Iowa’s role in the military history of the war is too complex to cover here.  However, it is important to note that few Iowa soldiers or others in the North enlisted out of a desire to free the slaves.  Most believed that America was “a white mans’ country” and that whites were intellectually superior to blacks. Among whites there was little support for the social or political equality between the races.  Overwhelmingly, the goal of Iowa soldiers was to preserve the Union, a near-sacred belief in America’s role as a beacon of freedom for opposed people’s everywhere. However, as Iowa soldiers fighting in the South saw the reality of human slavery and as antipathy toward the rebels hardened, support for ending that “peculiar institution” gathered more and more support.   

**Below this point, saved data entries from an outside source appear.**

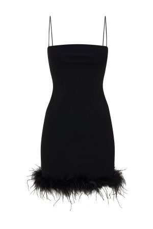 The Petty Princess Mini Dress in black channels feminine charm with a playful. carefree edge. It features thin elastic straps. a flattering square neckline. and soft mesh lining. Finished with a flirty faux fur hemline and an invisible zipper with hook‑and‑eye closure. Finish your look with a trending polka dot combo of heels and a matching bag so all eyes are on you.
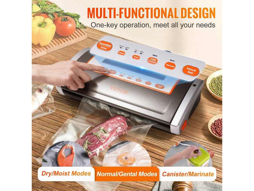 - Připraveni na cokoli: Hledáte všestrannou vakuovou zatavovačku, která to všechno zvládne? Díky schopnosti vakuovat suché i vlhké potraviny, marinovat pomocí externí hadice a rozhraní a zvolit dobu utěsnění a sílu vakua je tento stroj ideální pro všechny vaše potřeby při skladování potravin. A pokud dáváte přednost praktickému přístupu, nabízí také manuální ovládání a možnosti pouze těsnění. Je čas uzavřít svá oblíbená jídla tím nejúčinnějším a nejefektivnějším možným způsobem!
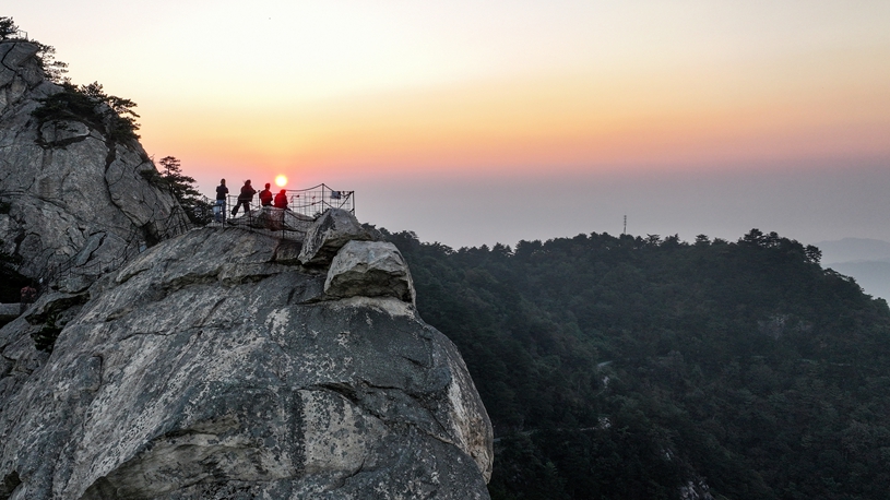 An aerial drone photo taken on Oct. 4, 2025 shows tourists enjoying sunrise scenery at a viewing platform in Tiantai County of Taizhou City, east China's Zhejiang Province. (Photo by Lin Lijun/Xinhua)
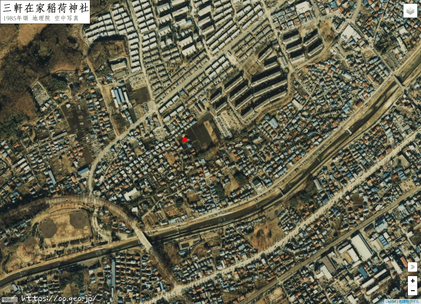 | 三軒在家 広域地図 1920年頃の地図|1930年頃の地図|1950年頃の地図|1963年頃の空中写真|1970年頃の地図|1975年頃の空中写真|1980年頃の空中写真|1985年頃の空中写真|1990年頃の空中写真|現在の地理院標準地図|現在の空中写真|OpenStreetMap| 別ウィンドウ表示 ※画像の読み込みに時間がかかります。 |

Most Iowa regiments saw fighting in the Western theater under General Ulysses Grant and not in East Coast states where Gen. Robert E. Lee led the Army of Northern Virginia and faced a string of Union generals.  Iowa soldiers were a large part of the Union force at Shiloh in southern Tennessee and later helped with the successful siege of Vicksburg, the last Confederate fort on the Mississippi River. They marched across the South with General Sherman taking Atlanta and then laying waste to Georgia and South Carolina to capture Charleston, where the war had started. General Grenville Dodge emerged as Iowa’s most celebrated war hero.  He won distinction for his ability to supervise the rapid construction of critical railroad lines and the development of an effective system of spies.   

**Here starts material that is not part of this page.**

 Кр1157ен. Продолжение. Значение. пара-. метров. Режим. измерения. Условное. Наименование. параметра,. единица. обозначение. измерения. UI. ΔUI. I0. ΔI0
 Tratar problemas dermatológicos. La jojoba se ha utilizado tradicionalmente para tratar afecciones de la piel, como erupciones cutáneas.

Iowa women also played an important role in wartime.  With men gone, many women found themselves managing farms and other tasks.  Annie Wittenmyer organized the Iowa State Sanitary Commission that collected and distributed food to Union hospitals to improve the diets of wounded soldiers.  She successfully confronted both Union officers in the field who objected to having a woman giving orders on their bases and local politicians at home who wanted to take over the organization. She successfully countered these challengers and won high praise from General Grant himself.

After Lee’s surrender at Appomattox Courthouse in 1865, Iowa and other Northern states confronted the issue of free blacks.  Most stayed in the South, but those who began migrating North forced Iowans to reconsider the racial issue. The United States passed three amendments to the Constitution—Amendments 13, 14, and 15—that forbade slavery, required states to deal with all citizens (black and white) fairly, and granted blacks the right to vote. The 15th Amendment on black suffrage faced substantial opposition, but Republican leaders who wanted to give Southern blacks the vote to protect themselves (and support the Republican Party) saw the necessity to extend the right to Northern blacks as well.  

In Iowa, the word “white” was removed from the state constitution that originally limited the vote to “white, male citizens.”  A push by women’s suffrage groups to eliminate the word “male” at the same time was tabled by those who claimed that “this is the Negro’s hour.”  Nevertheless, it gave rise to renewed interest and efforts on behalf of women’s rights to the ballot. The Republican Party was clearly the dominant force in Iowa politics following the war.  For the rest of the century, Republican candidates “waved the bloody shirt” to link Democrats to the rebellion and the Southern cause.  

The war promoted improvements in agriculture and industry and generated financial capital to launch expanded economic growth.  For the next thirty years an expanding population blanketed the state with farms and small towns connected tightly by a web of rail lines.  Iowa was on the threshold of its emergence as an economic and political power.